Search code examples
exceltext-miningdata-analysisvba

Text Mining - What is the best way to mine descriptive excel sheet data


I have university placement data pulled from databases in excel sheet. I need to text mine the job description offered by companies, which is a descriptive field for all the rows and then come up with the analysis of profiles in demand. Here is a snapshot of the data enter image description here

Could anyone help me to kick start this activity?

Thanks Saurabh


Solution

  • I am not a data expert but I have some data mining experience. I would try following these steps for starters:

    1. Excel is not a good for such an analysis. Find some tool dedicated to data mining e.g. RStudio. R has many useful out-of-the-box algorithms for data mining.

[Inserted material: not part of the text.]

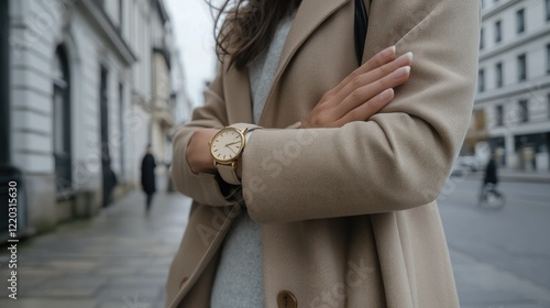 © Nuttaya Nampai, Fototapeta premium Stylish close-up of a golden hand watch on a woman's wrist, paired with chic street-style accessories in an urban European setting.
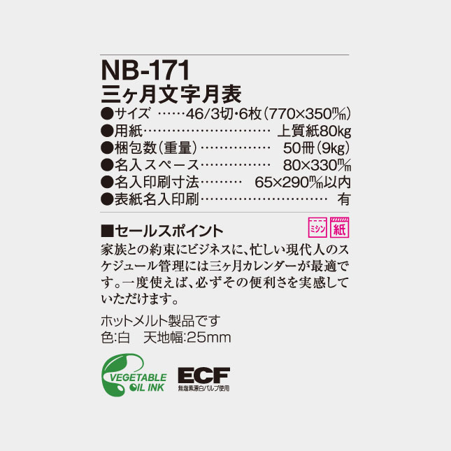 一度使えば、必ずその便利さを実感していただけます。シンプルな文字月表は、スマートなイメージを与えます。

    2. Cleanse the data e.g. all texts to lower case, remove stop words, remove punctuation, remove additional white spaces.

    3. Tokenize the data e.g. 1 word tokens - "finance", "bachelor"

    4. Decide on how you will assert if a certain profile is in demand or not? If by profile you mean that you need the information on the frequency of certain tokens appearing in the data more often then others e.g. "finance", "bachelor" etc. then simply create a frequency matrix. R allows you to create a visualisation of this - Word Clouds.

    This is to start you off :). I am sure there is much more to be suggested in this matter.